Disclosure of Invention

In order to overcome the defects in the background art, the invention discloses an alternating current-direct current integrated European standard electric vehicle charging system and a charging control method.

In order to achieve the purpose, the invention adopts the following technical scheme:

an alternating current-direct current integrated European-standard electric vehicle charging system comprises a charging seat, an EVCC, a BMS and a direct current 9-32V power supply, wherein the charging seat is used for being connected with a charging gun of a charging pile, a CP (content provider) signal end, a PE (provider) signal end and a PP (polypropylene) signal end of the charging seat are all connected with an input end of the EVCC, a DIN70121 protocol, an ISO15118 protocol and an IEC61851-1 protocol are supported in the EVCC, the EVCC is provided with a CAN (controller area network) 1 interface connected with the BMS, and the direct current 9-32V power supply supplies power to the EVCC;

the charging control method of the charging system comprises the following steps:

1) Manually starting a direct current 9-32V power supply to enable the EVCC to be in a power-on state, or when a charging gun is inserted into a charging seat, enabling the EVCC to be awakened, and initializing the EVCC;

2) After the initialization of the EVCC is completed, the CP carrier wave of the charging seat is detected;

3) If the frequency of the CP carrier is not 1kHz, continuously detecting the CP carrier, and if the frequency of the CP carrier is not 1kHz after 20 seconds of detection, entering the EVCC into a dormant state;

4) If the frequency of the CP carrier wave is 1kHz, detecting the duty ratio of a CP signal end of the charging seat;

5) When the duty ratio of the CP signal end is 5%, the EVCC outputs an A + high level signal to the BMS for awakening the BMS, then the EVCC and the SECC of the charging pile perform PLC communication handshake, if the handshake fails, the step 2 is returned, and if the handshake succeeds, the charging process is started;

6) When the CP duty ratio is 8% -97%, the EVCC outputs an A + high level signal to the BMS for waking up the BMS, and then the EVCC sends an AC charging application to the BMS;

7) If the BMS allows to enter the AC charging, the BMS sends an AC charging entering confirmation to the EVCC and starts an AC charging process;

8) If the BMS does not allow the AC charging to enter, calculating whether the time for sending the AC charging application to the BMS exceeds 20 seconds, if not, sending the AC charging application to the BMS again, and if so, ending the AC charging process;

9) And when the CP duty ratio is neither 5% nor 8% -97%, calculating whether the time for detecting the CP duty ratio exceeds 20 seconds, if not, returning to the position for detecting the CP carrier wave for processing, and if the time exceeds 20 seconds, ending the charging process.

Preferably, the PLC communication handshake process in step 5) includes an SLAC process, an SDP process, and a TCP link establishment process.

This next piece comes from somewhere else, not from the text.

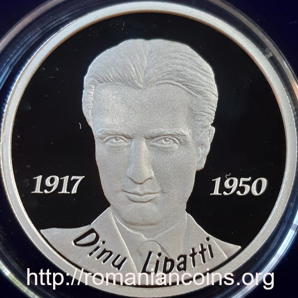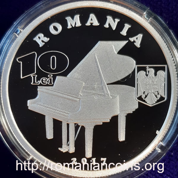 37 mm diametru, 31.103 g, argint 99.9%, margine cu zimți Avers: ROMANIA, valoarea nominală 10 LEI, stema României, anul 2017, un pian | Revers: chipul pianistului, inscripția Dinu Lipatti, anii 1917 și 1950
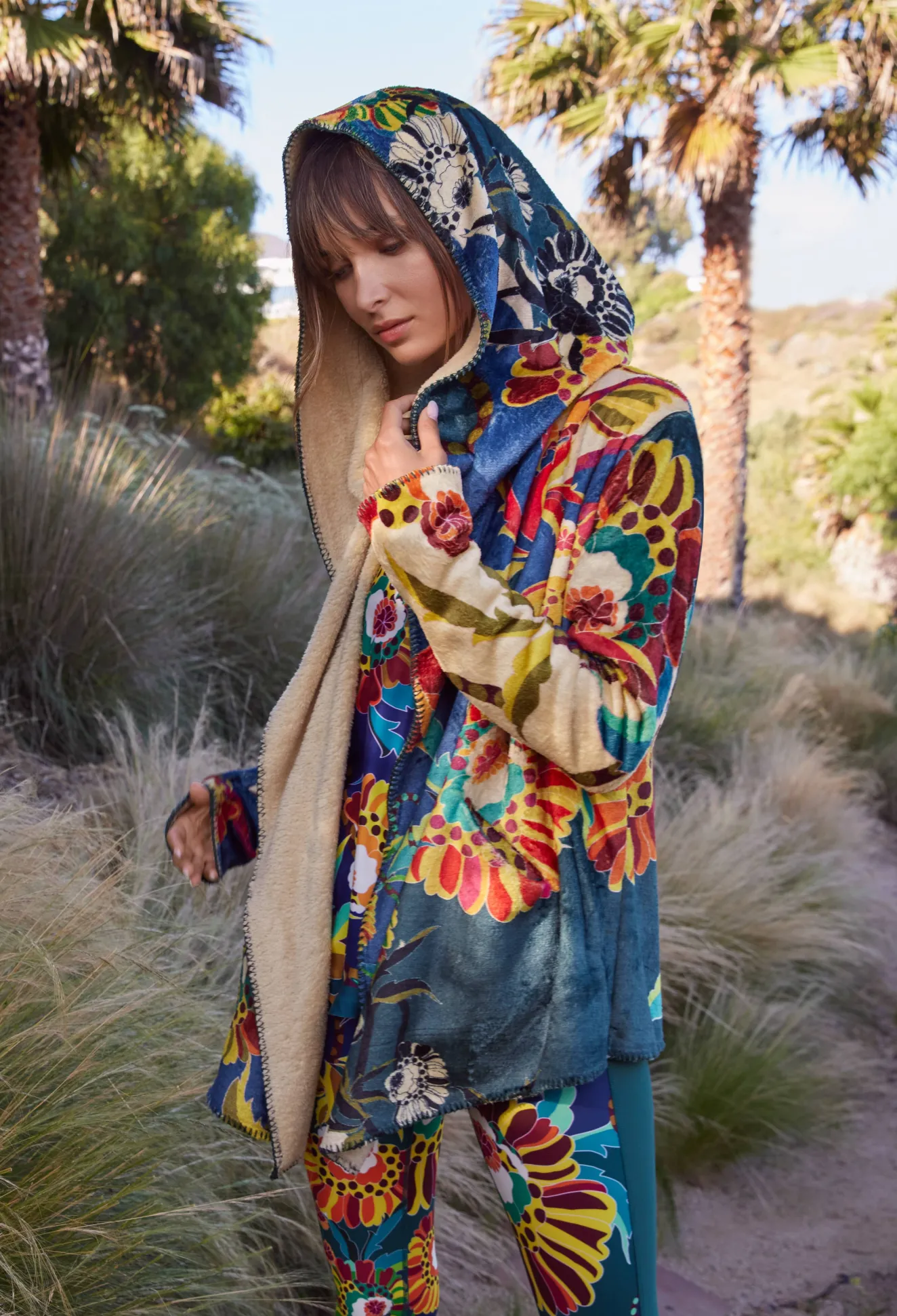 Playful With Practical Features, The Kimbra Sherpa Jacket Adds A Shot Of Color To Your Cold-Weather Repertoire. Designed From A Soft Sherpa Fabric, This Jacket Features A Hood, Front Pockets, Long Sleeves, A Longer Hem At The Front, And An Eclectic Mix Of Floral And Polka Dot Patterns. Keep This Jacket As The Main Focus By Pairing With Simple Separates.

Preferably, the charging process in step 5) is:

the method comprises the steps that V2G message interaction is started between an EVCC and the SECC, and then the SECC determines whether a charging protocol adopted by current charging is a DIN70121 protocol or an ISO15118 protocol according to an EVCC request message in a supported application protocol handshaking stage and the condition of a charging pile;

b. when the SECC selects a DIN70121 protocol, the charging pile and the electric automobile carry out a direct current charging process;

c. when the SECC selects an ISO15118 protocol and the EVCC interacts with V2G messages of the SECC to a ServiceDiscovery service discovery stage, the SECC tells the EVCC the payment mode, the energy propagation mode, the service ID, the service type and the like provided by the SECC, and the EVCC selects the EVCC according to the conditions;

d. then when the EVCC and the SECC carry out V2G message interaction to a PaymentServiceSelection Payment and service selection stage and the EVCC selects an External Payment (External Payment), the EVCC and the SECC enter an EIM External authentication mode; if the payment mode selected by the EVCC is Contract payment (Contract), the EVCC and the SECC enter a PNC plug-and-charge authentication mode;

e. when the EVCC and the SECC enter an external authentication mode and interact to a Charging parameter discovery phase of the ChargeParameterdiscovery, if an energy transmission mode PEVRequestEnergyTransfer requested by the EVCC is alternating current, the EVCC and the SECC carry out AC Charging EIM message set, namely EIM alternating current Charging; if the EVCC requested energy transmission mode PEVRequestEnergyTransfer is direct current, the EVCC requested energy transmission mode PEVRequedEnergyTransfer and the EVCC requested energy transmission mode PEVRequedEnergyTransfer perform DC Charging EIM message set, namely EIM direct current Charging;

f. when the EVCC and the SECC enter a plug-and-play authentication mode and interact to a Charging parameter discovery stage of a Charging parameter, if an energy transmission mode PEVRequestEnergyTransfer requested by the EVCC is alternating current, the EVCC and the SECC carry out AC Charging PNC message set, namely PNC alternating current Charging; if the EVCC requested energy transmission modes PEVRequestEnergyTransfer are direct current, they will perform DC Charging PNC message set, i.e. PNC direct current Charging.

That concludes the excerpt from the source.